Figure 2.

A simplified view of the phytochrome-mediated photomorphogenesis in A. thaliana. For simplicity, we use PIF3 as a representative of PIFs, HY5 as a representative of the master transcription factors of photomorphogenesis, and SPA1 as a representative of the SPA proteins. In the dark (left panel), phytochromes are biosynthesized as the inactive Pr forms, staying in the cytoplasm. Meanwhile, PIF3 proteins accumulate in the nucleus and regulate the expression of genes to prevent photomorphogenesis (shown as a blue T bar) by promoting skotomorphogenesis (shown as a red arrow). In addition, the COP1-SPA1 complex constantly degrade the expressed HY5 proteins via the ubiquitin 26S proteasome pathway to prevent photomorphogenesis (shown as a dotted black arrow). In the light (right panel), the photoactivated Pfr forms of phytochromes translocate into the nucleus (in the case of phyA, FHY1 and FHL are the facilitators for the import), where they can interact with downstream signaling components.
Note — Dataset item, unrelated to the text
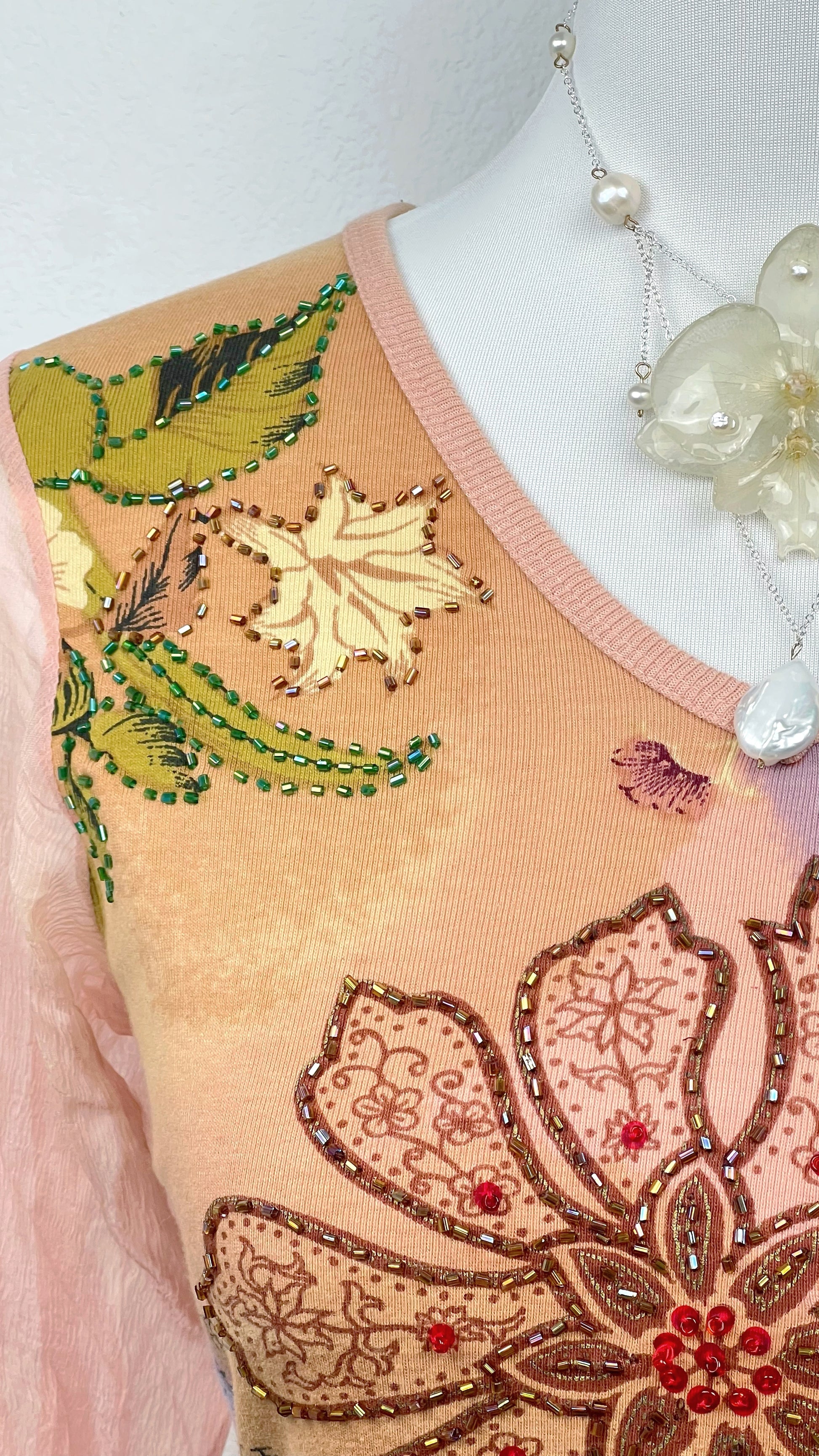Ce haut féerique aux teintes pastel pêche, lilas et vert mousse semble sorti d’un rêve printanier. Les fleurs perlées et les détails scintillants racontent une histoire douce — celle d’un jardin enchanté où chaque pétale capte la lumière.

They inactivate PIF3 by inducing protein degradation and the COP1-SPA1 complex by inducing its dissociation and subsequent nuclear exclusion of COP1, which all contribute to the accumulation of the master transcription factors for photomorphogenesis, such as HY5. Finally, HY5 induces the expression of light-responsive genes for photomorphogenic development. Movements of proteins are also shown as dotted arrows.